Why I am winding down my Substack
Turning a new chapter on my online life
hello folks!
for those who have been reading stuff I’ve been writing, you might have noticed an arc:
first i started posting on my blog
then i started posting exclusively on substack
then i posted in both places and lamented how uncomfortably fragmented that felt
in effect, i wrote and published less and less
well, i think it’s time to hang up the towel of Substack. in this post i’ll share why.
first, i realised i don’t need growth in my email list. i’m perfectly fine if my email list doesn’t grow at all, because i realised i’m not interestesd in making money through newsletter subscriptions (have you met anyone doing this? it’s a lot of work!).
neither do i care to amass subscribers for a “just in case” scenario where i’d have something to sell, like an app or a course. i realise that my connections with people on linkedin is good enough for doing that.
so yeah, i don’t really need to be on a platform like substack anymore because i now know that i don’t need my email list to grow, despite what everyone on the internet keeps yelling at me to do. “you need to start collecting emails yesterday!”... “it’s the only durable distribution channel that you actually own.” i don’t want to care about that anymore.
second, substack is annoying to use. it’s 2026, the year of AI agents. why am i still forced to write in a rich text editor that doesn’t compatibly copy-paste to any other software? markdown is plain text with some added syntax, so copy-pasting just works. i miss that. incidentally, my blog (open sourced on github) has been written in markdown for many years now and i’m happy to go back to writing this way. in lowercase if i so wish to, tyvm.
third, substack newsletters only really grow and ‘succeed’ when you have a tight thematic core. lenny’s newsletter is about product management and AINews is about AI news.
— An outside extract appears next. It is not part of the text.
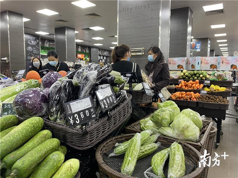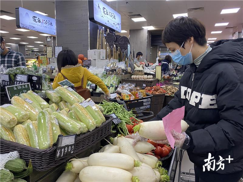 市民杨女士正往购物车内添置菜心、大白菜、萝卜等一些比较耐放的蔬菜。杨女士告诉记者,她现在基本是每两天出一趟门买菜买肉,较之以往,超市里的菜价涨价幅度不大,有部分蔬菜价格甚至还降价了,部分肉类的价格略有涨价。
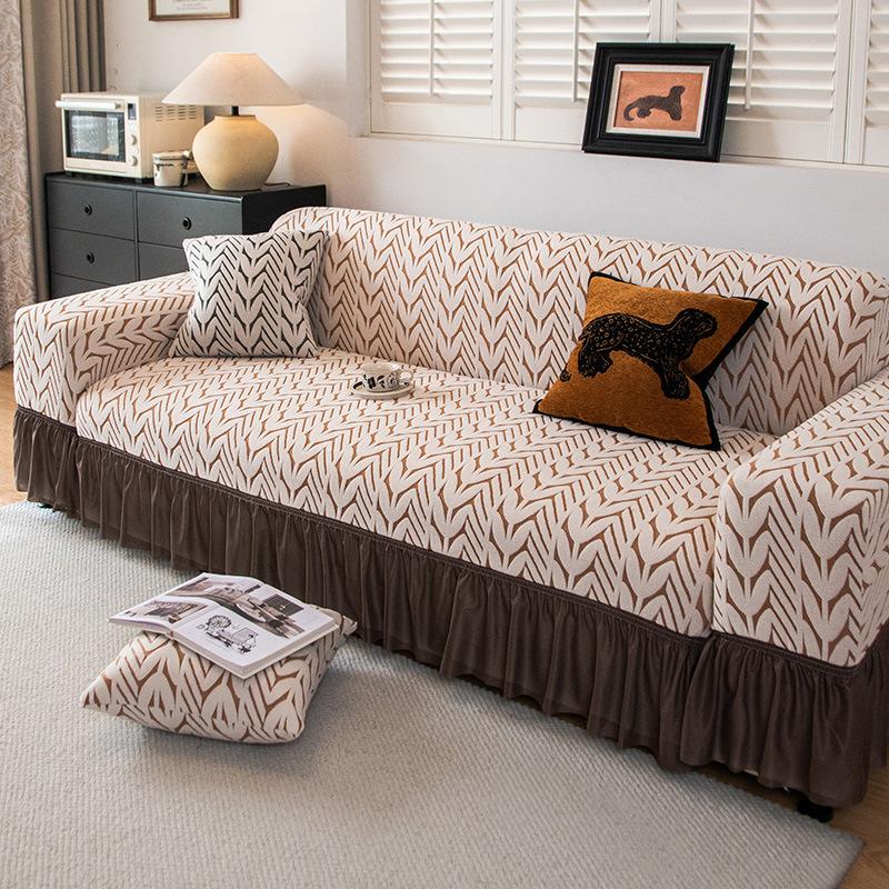 The New Skirted Jacquard Velvet Sofa Cover Exudes A High End Feel and Is Suitable for All Four Seasons. It Is An All in One Anti Cat Scratch Package

i could never stick to a thematic core. i’ve learned that i get really bored if i have to stick to publishing about a specific topic (i’ve tried many of these over the years, from vulnerability-maxxing to growing rich slowly). i have a neurotic personality and i’m always thinking about things, and said things are myriad and hard to put into a neat box. so substack’s platform was never going to help my newsletter grow - i just had to learn this by trying a lot of things.
fourth, the ‘every post is a newsletter email’ model never quite stuck with me. i’ve written a lot less regularly since i started posting exclusively on substack, and i think it’s because i believe each post always needed to clear a certain bar for it to be ‘worthy’ of landing in someone’s inbox. this is true. i want to respect people’s time. even a post like this one can be hard to justify as worthy of being in someone’s inbox, so i might have very well NOT written it in the first place - the reason i ended up writing this is i’m doing it on my blog, not substack, so i don’t have to worry about its worthiness. the post can just exist quietly on the web. i can point people IRL to it when i want and let it be quietly discovered via good old SEO otherwise.
anyway, you may still be reading this as a substack post, but this will be the last one via substack. going forward i’ll only send out the occasional email when i have something deemed share-worthy with you.
in the meantime, if you’ve enjoyed reading me over the months and years, you’ll find my newest posts on nickang.com. i expect i’ll be posting at a 1-2x per week cadence again. a lot more random (but always truthful, hopefully) posts coming soon.
thanks for sticking around as i grow up as a human being on the internet, y’all. i appreciate you!